*Work required*
The lines to transcribe run from the top of the material below to the line with "Hình 3: Phình", inclusive. Leave the pictures behind.

*Data supplied*

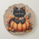 Almofada Redonda Gato Preto na Abóbora com Padrão de Inclinação de
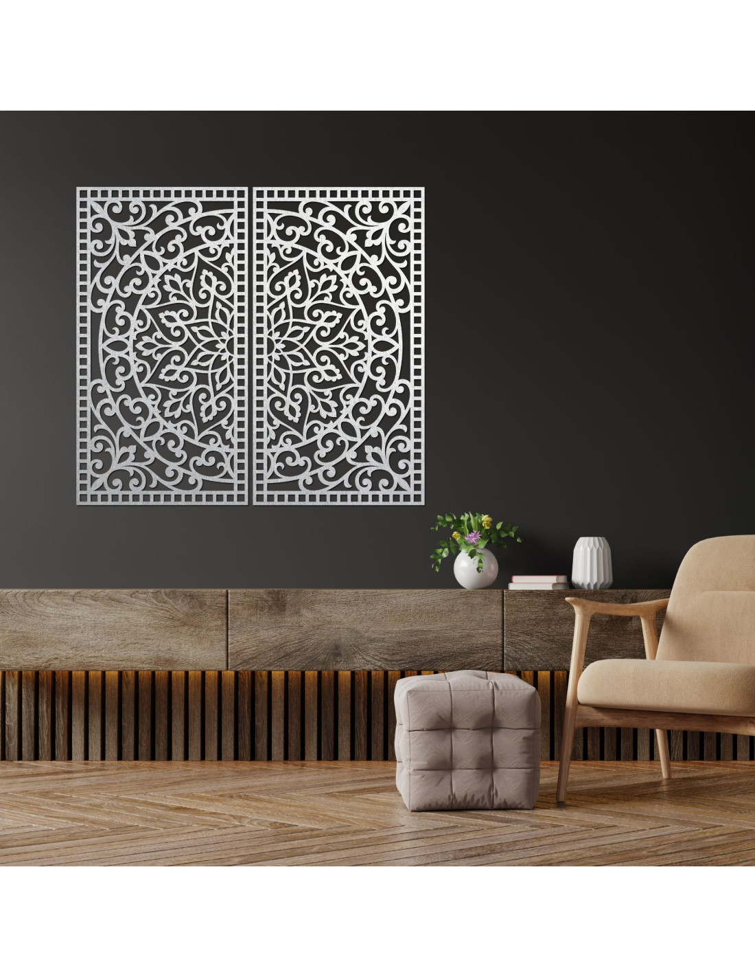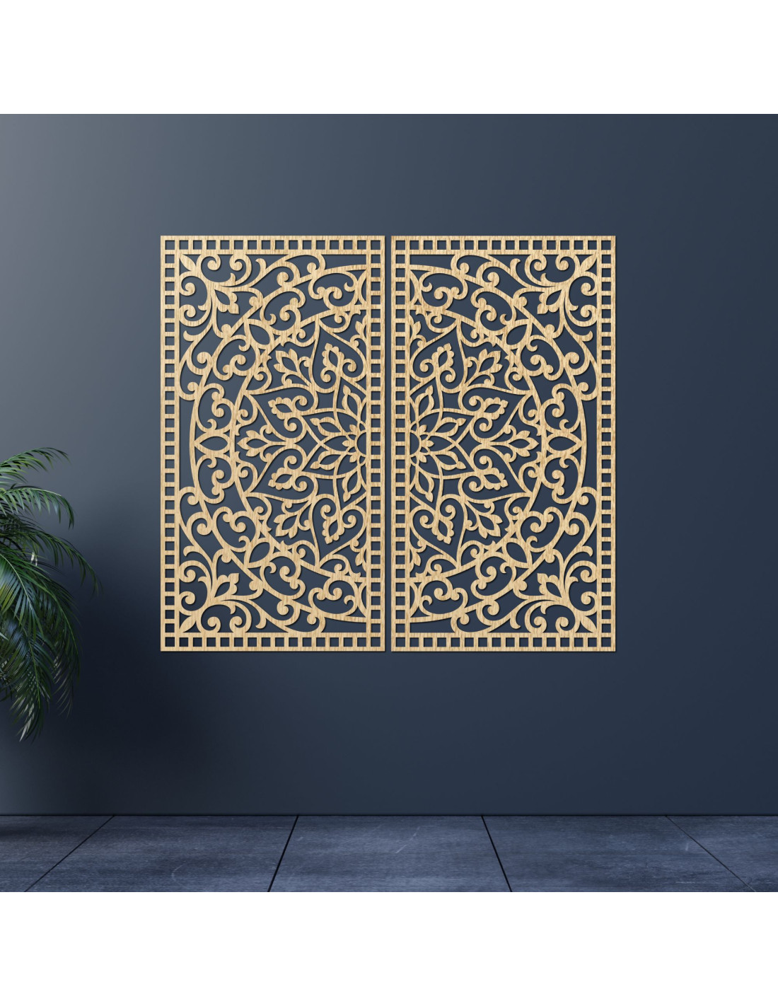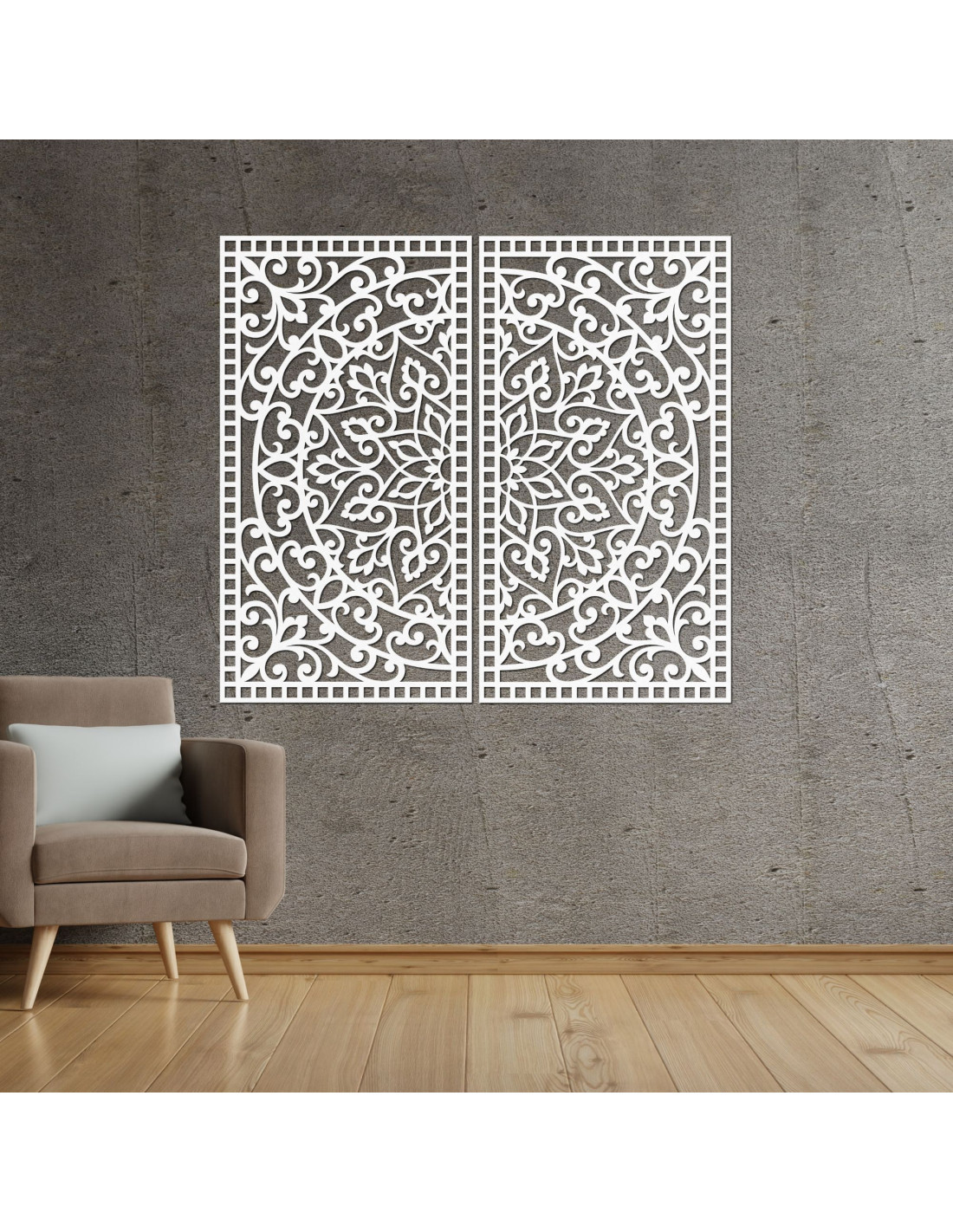 Dřevěný 2-dílný obraz Mandala – Vyřezávaná nástěnná dekorace - FLOUFER
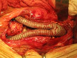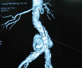 Hình 3: Phình động mạch chủ bụng vỡ vào cột sống thắt lưng và thay động mạch nhân tạo hình chữ Y
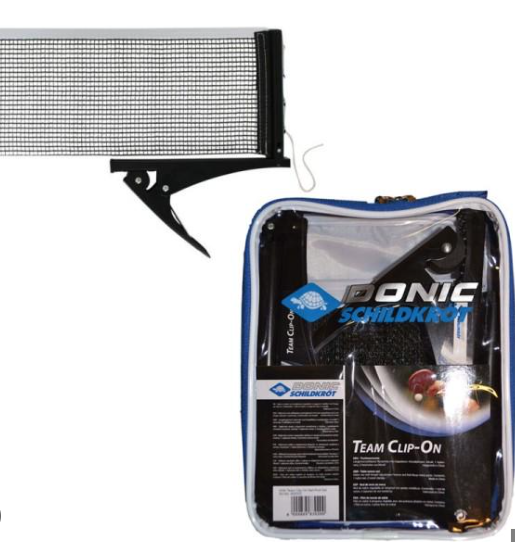 Популярна сітка для настільного тенісу Team Clip On від Schildkröt вражає цікавим співвідношенням ціни та якості. Практичне кріплення затискачем (схоже на так званий клейовий затискач) дозволяє швидко збирати та розбирати без гвинтів. Просто відкрийте затискач і посуньте його на тарілку. Додаткові гумові вставки, а також дуже щільна пружина механізму кліпси забезпечують міцну та нековзку посадку, міцну металеву конструкцію, складні стійки для невеликого транспортного розміру. Сітка виготовлена з нейлону, міцна та стійка до атмосферних впливів і може бути натягнута за допомогою різьбового шнура. Повний комплект сітки поставляється в практичній сумці для перенесення на блискавці та ручці для перенесення. Його можна швидко та легко зібрати та розібрати, що робить його ідеальним компаньйоном для столів для настільного тенісу без сітки. Максимальна товщина плити 3,5 см.
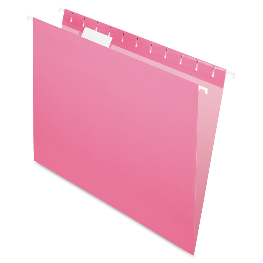 Colored hanging file folders help you organize your documents. Made with crimped style hanging rods for added strength, these durable folders handle multiple documents at a time. Folders offer 1/5-cut tabs and accent colored interiors to prevent misfiles. Eco-friendly design is made with post-consumer material to minimize environmental impact. File folders are perfect for storing files in offices, homes, schools and more.
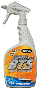 BTS Protectant's "spray and wipe" polymer technology leaves no chalky build-up unlike waxes and requires little labor to apply. BTS can be used to protect and beautify most surfaces including fiberglass, gelcoat, plastic, metal, carpet, leather, painted surfaces and wood and is ideal for keeping vinyl seats soft and supple for years.
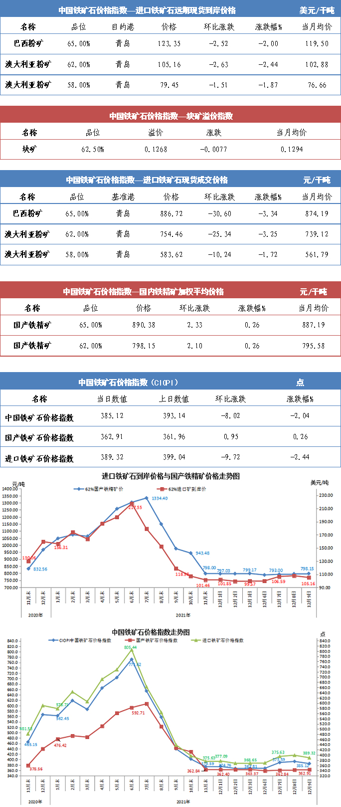 【行業指數】12月9日中國鐵礦石價格指數
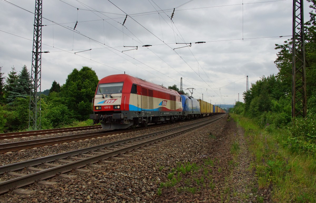 420 12 von EVB und 182 912-6 von MWB sind am 10.06.15 mit einen Containerzug bei Fulda in Richtung unterwegs.
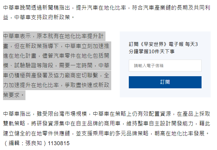 : : 中華汽車對於新制表態支持,為了將加速與其他產業合作,加速旗下汽車零件開模、組裝
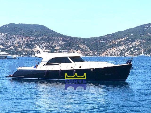 Alarme moteur, Alarme de pompe de cale, Eau sous pression, Passavant en teck, Couleur spéciale, Douche de cockpit, Phare de poursuite, Flaps hydrauliques, Garage à annexe, Hard top (elettrico), Extincteur(s) fixe(s), Lavabo dans le cockpit, Éclairage de courtoisie, Panneau solaire, Passerelle (idraulica a scomparsa), Plateforme arrière (di poppa in teak), Pompe de cale automatique, Porte latérale, Cockpit en teck, Prise de quai, Connexion eau sous pression à quai, Guindeau électrique (nuovo), Echelle de bain, Annexe, Corne, Winch électrique arrière, Winch électrique avant.
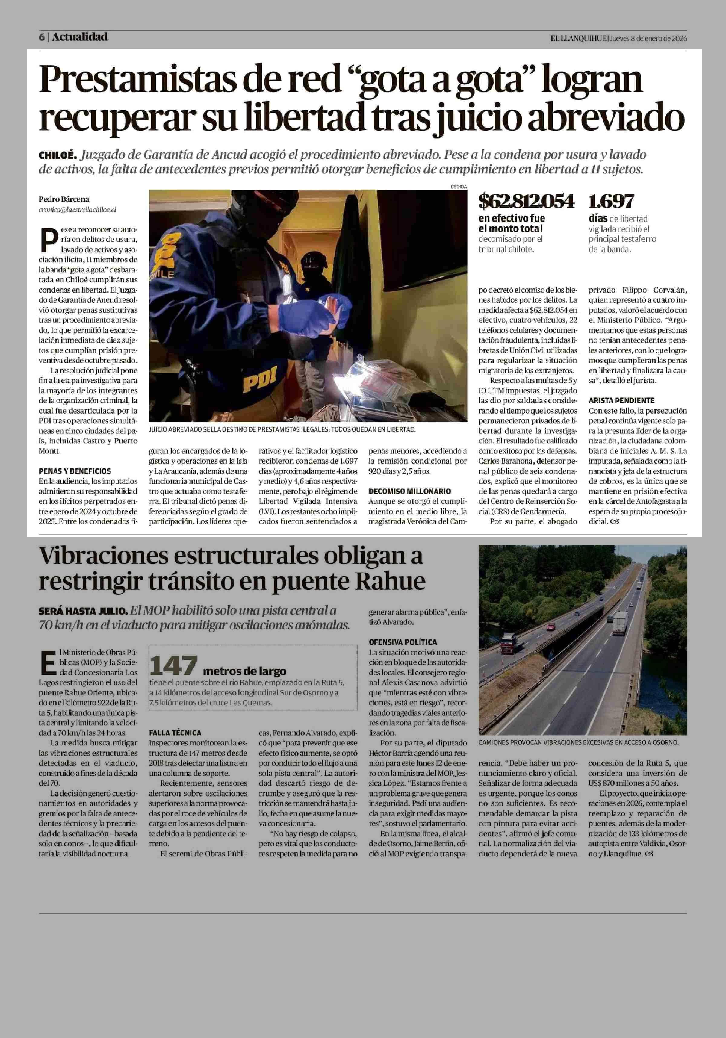 Prestamistas de red "gota a gota" logran recuperar su libertad tras juicio abreviado 08-01-2026 El Llanquihue |
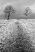 The 42nd parallel passes just north of Plymouth, Massachussets. There, tucked in the souhternmost corner of the town of Duxbury, an old farm now serves as a preserve and a walking area. Another place I had spent a lot of time driving by, I have found it has a lot of very interesting scenes. The one showed here was taken late in the winter. The almost perfect positioning of the path, the two trees and the clouds behind cried out to be captured. Filtration was used to darken the light blue sky and the winter-bleached grass.
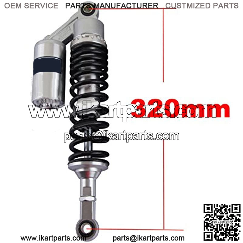 Motorcycle shock absorber universal fit for most vehicles, like Honda/Yamaha/Suzuki/, etc. The diameter of the round hole at the bottom is 12mm. Fit bikes with shock absorbers of 320mm eye to eye distance.
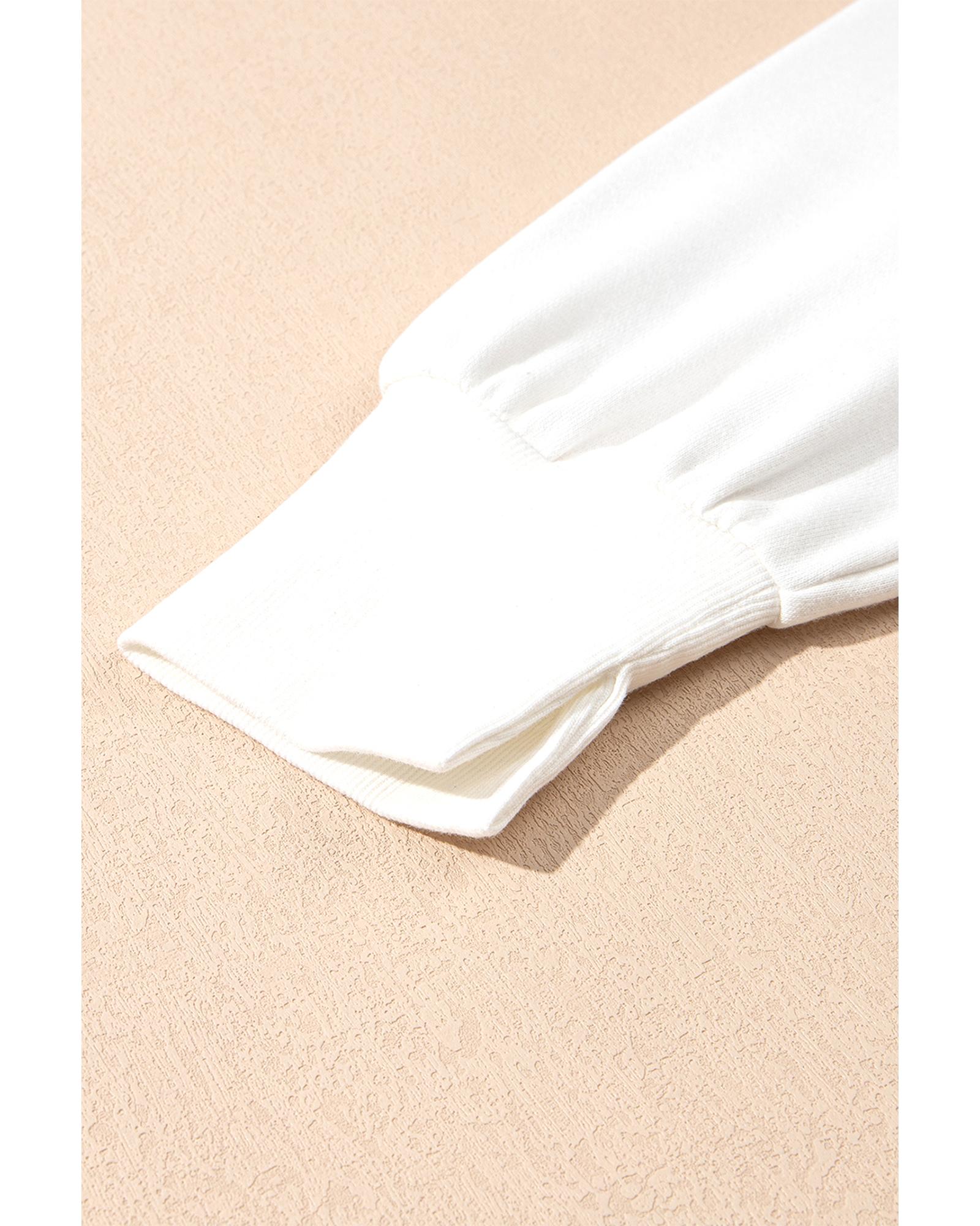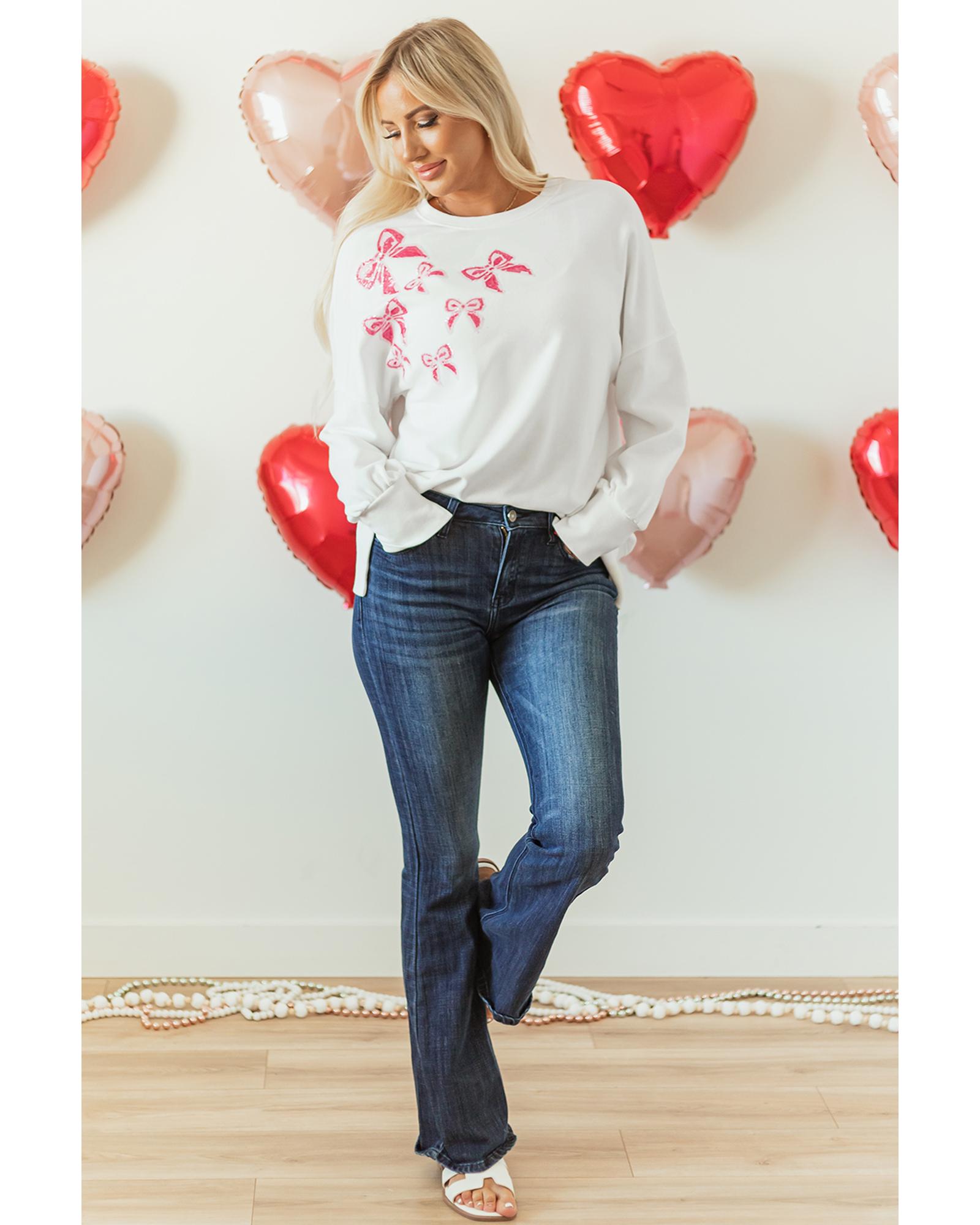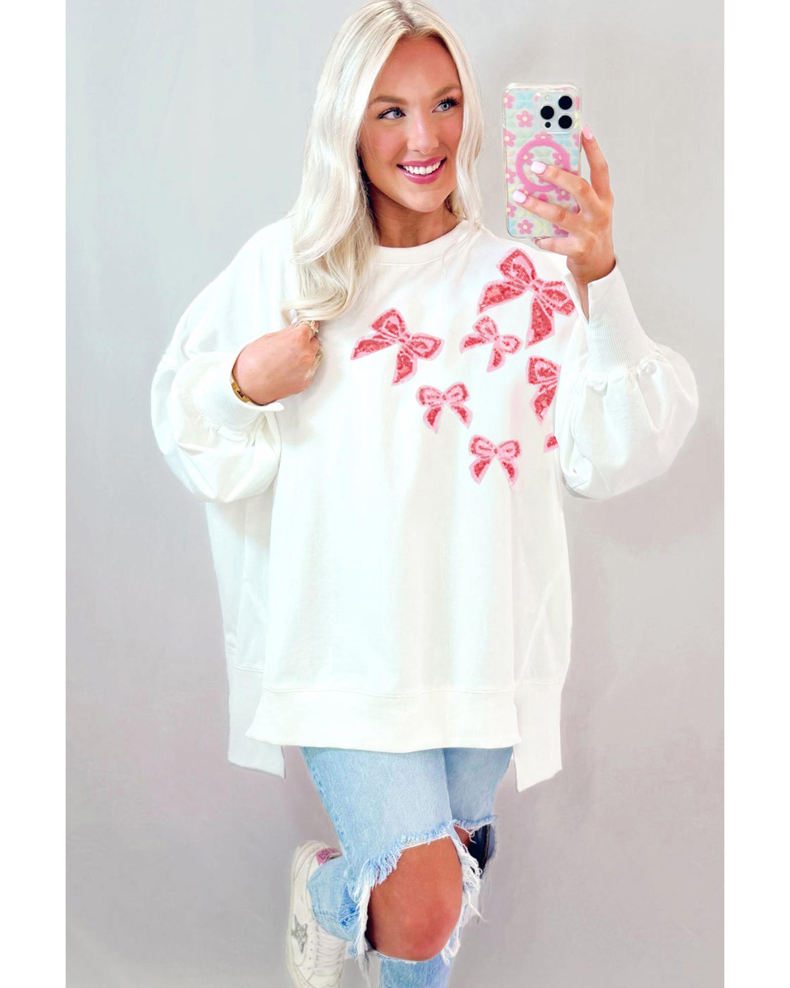White Sequin Bowknot High Low Oversize Sweatshirt – L

*Answer to the problem*
 Almofada Redonda Gato Preto na Abóbora com Padrão de Inclinação de
 Dřevěný 2-dílný obraz Mandala – Vyřezávaná nástěnná dekorace - FLOUFER
 Hình 3: Phình động mạch chủ bụng vỡ vào cột sống thắt lưng và thay động mạch nhân tạo hình chữ Y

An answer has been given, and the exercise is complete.